The development comprises the Radisson Blu Hotel, residential apartments and penthouses.
According to dhk associate director, Brinley Pritchard, the apartments and penthouses will be ready for occupation by the end of October 2016, with the Radisson Blu and three bedroom penthouses following later in the year.
Current construction is proceeding over several floors in a staged programme, with estimated completion dates also staged over three months, beginning in June 2016 with four floors, another four floors from July and the final three floors from August.
Juan Bernicchi, director of Bernicchi Architects says converting the building into more private and comfortable living spaces has been a key challenge given the nature of the city offices which are often noisy due to their direct interface with surrounding activities.
“We’ve worked closely with our engineers to achieve the ultimate comfort within the apartments,” says Bernicchi.
Construction group JW Hugo has confirmed initial demolishing and are already on the ground working on nine floors and building walls in a bid to complete the first fix services which include heating, ventilation and air conditioning, plumbing, fire and mechanical work.

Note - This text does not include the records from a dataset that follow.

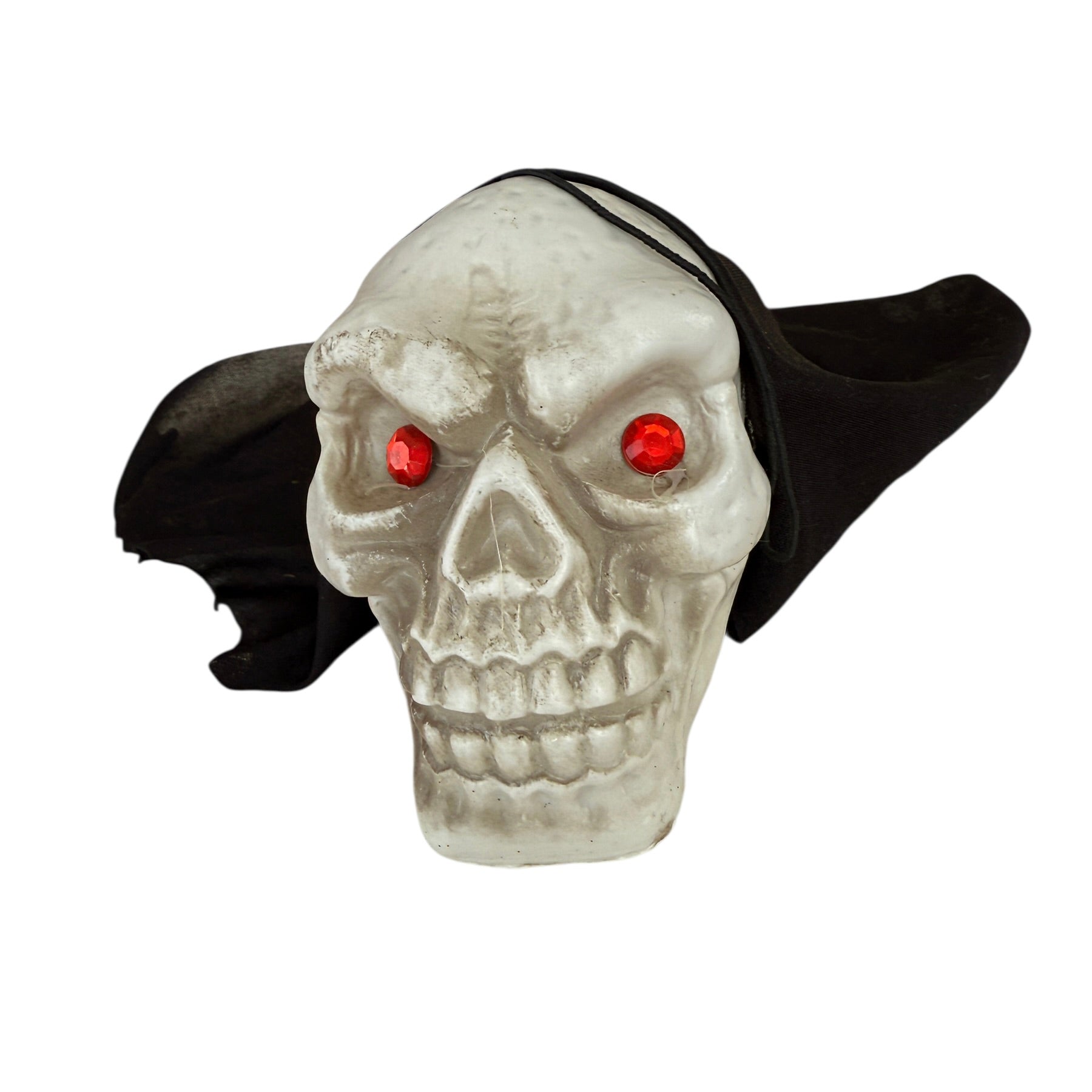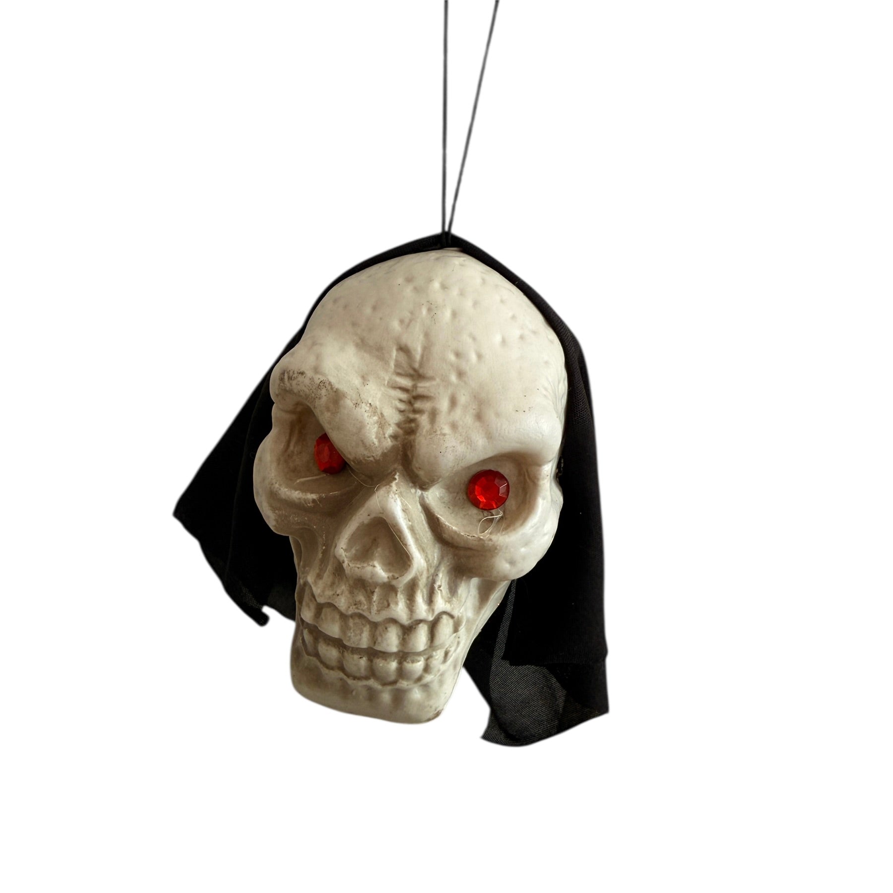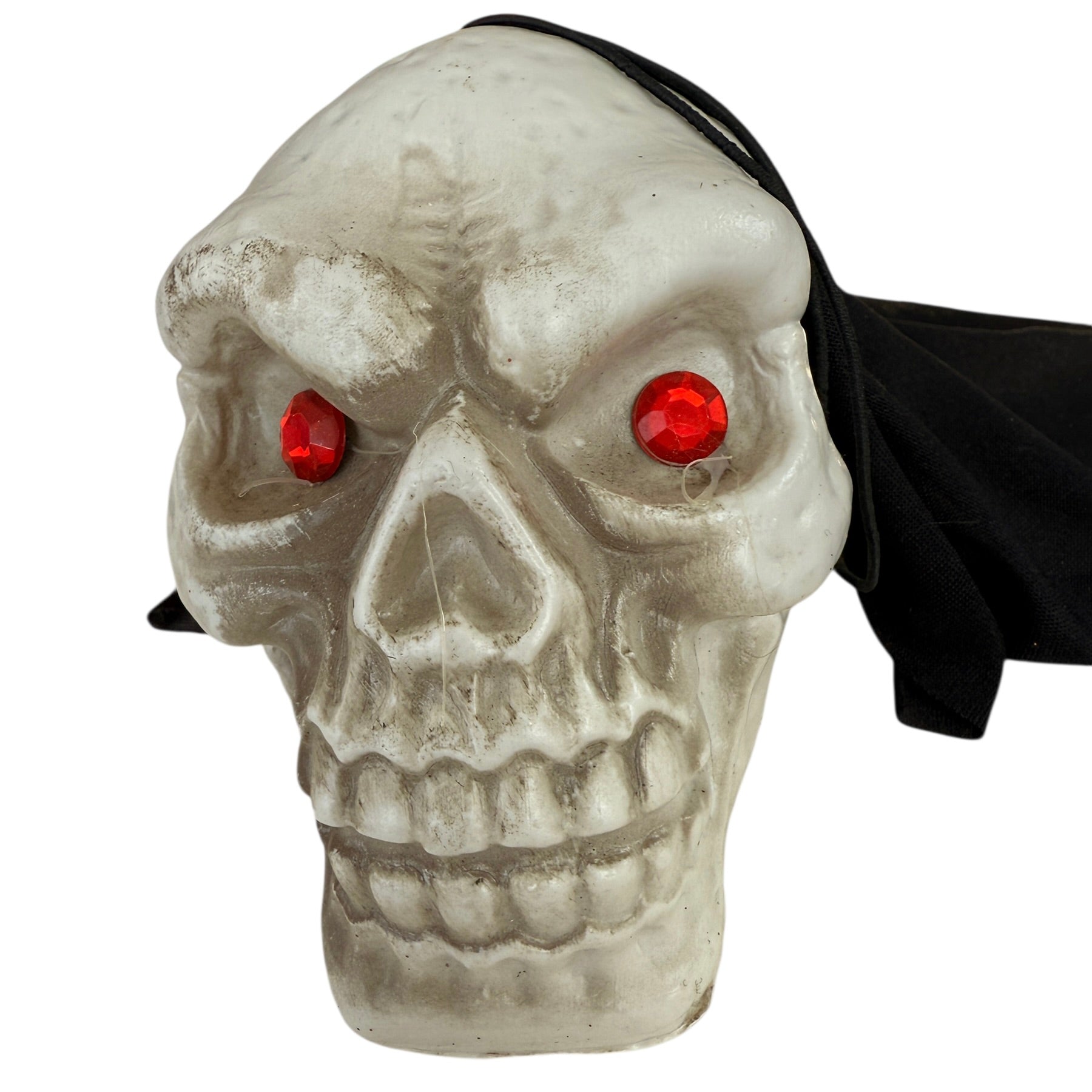 Jewel Eyed Skull with Black Filmy Head Cover & Hanging Loop in Good Preowned Condition
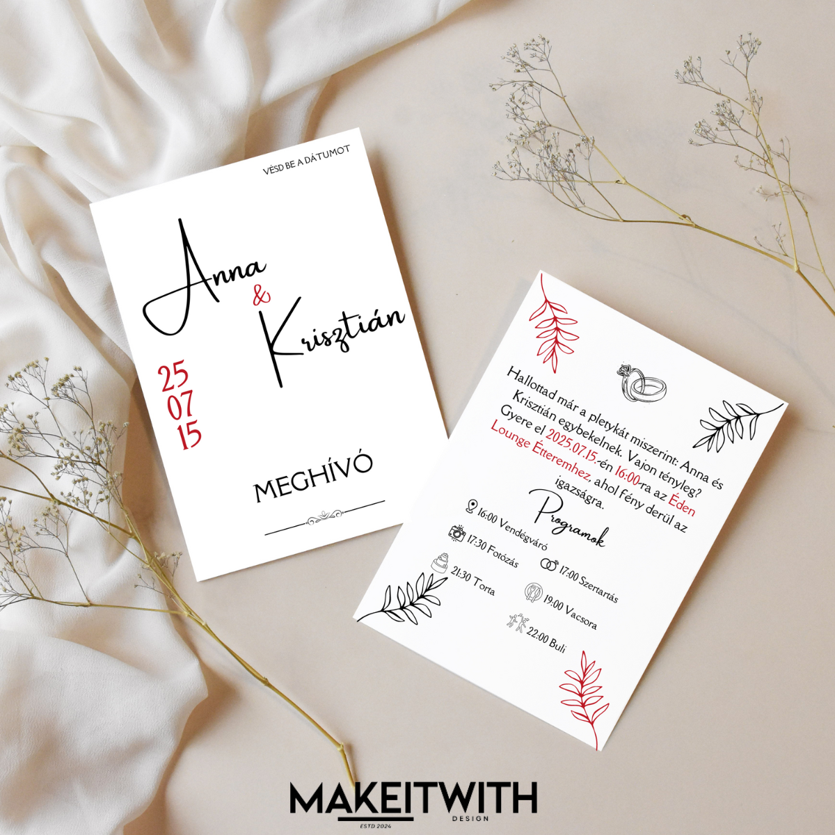 Meghívó (hajtott formában): Ez a design elkészíthető 4 oldalas, kinyithatós formában is, amelyre több szöveg, idézet vagy egyedi tartalom is elhelyezhető. Írjatok az info@makeitwith.hu email címre, és elküldjük a tervezetet!
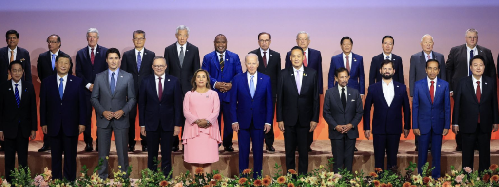 El 17 de noviembre del 2023, en San Francisco, Perú, representado por la presidenta de la república, Dina Boluarte, recibio la presidencia del foro APEC de parte del mandatario de Estados Unidos, Joe Biden. En dicha ceremonia, la Jefa del Estado hizo una invitación a las demás economías a visitar nuestro país. “Los esperamos a cada uno de ustedes el próximo año, para que nos honren con su presencia«,.
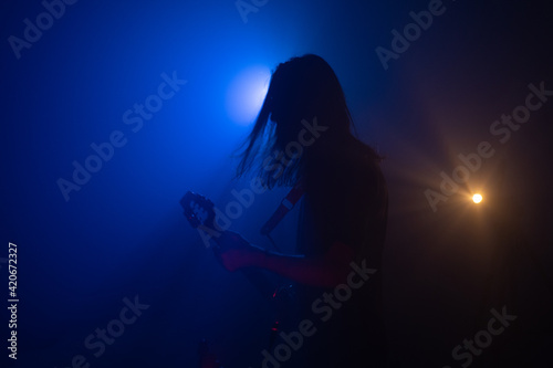 artist, blue, concert, dark, electric, electronic, fog, guitar, indoor, live, man, music, musician, people, performance, performer, player, playing, silhouette
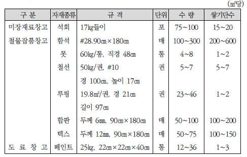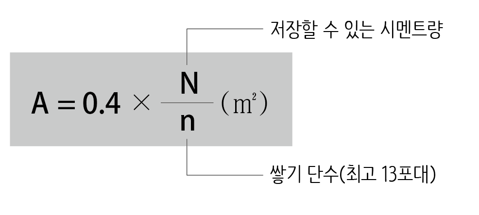 표준품셈에서는 시멘트 창고의 필요 면적을 다음 식으로 산출하도록 규정하고 있습니다.
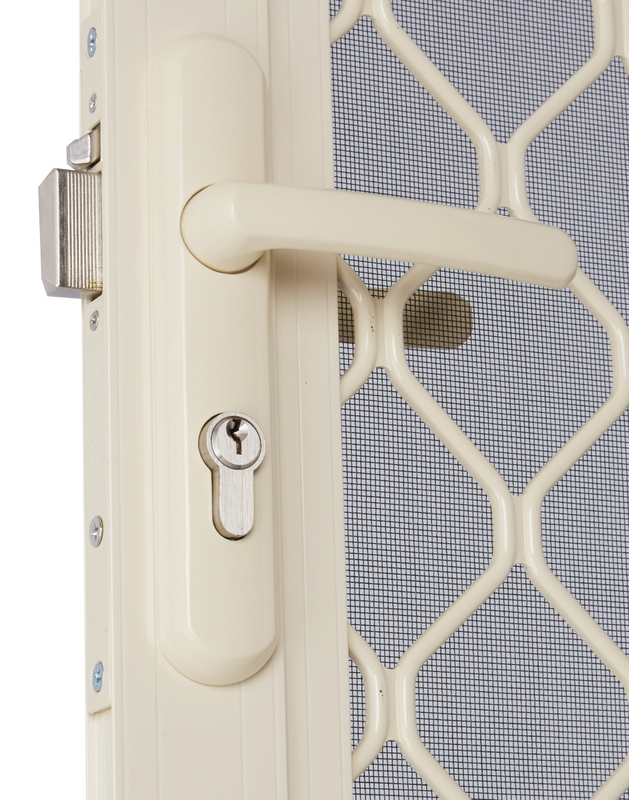 The 7 mm Diamond hinged screen door is fitted with a single deadlock or the option to upgrade to a triple locking system. Locking system come with two keys and 12 month warranty. Two heavy duty steel hinges are fitted to the frame. Both locks and hinges are available in four colours. The 7 mm Diamond grille is riveted to the frame and backed with fibreglass gauze with the option to upgrade to midge mesh or paw proof mesh.
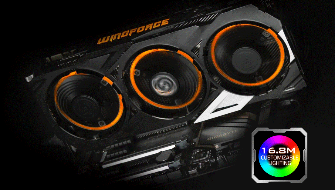 顯示卡上WINDFORCE標誌及三道風扇炫彩光纖燈具備1680萬色真實多彩的燈光效果,玩家可以透過技嘉OC GURU II超頻軟體自由調整燈光顏色和各種特效,打造自我專屬風格的PC視覺造型

Hugo says that apart from the shell of the building and the lifts, all aspects of the apartments will be newly built with services being stripped before they can start from scratch on the new apartment layout.
Murray & Roberts, which built the original high-rise in the early 1990s, is the same firm undertaking the construction of the Radisson Blue Hotel.
Murray & Roberts’ Dave Heron says no major modifications will be required to accommodate the hotel requirements. He concludes that the basic services namely water, air conditioning and electricity are already in place to meet most of the new requirements.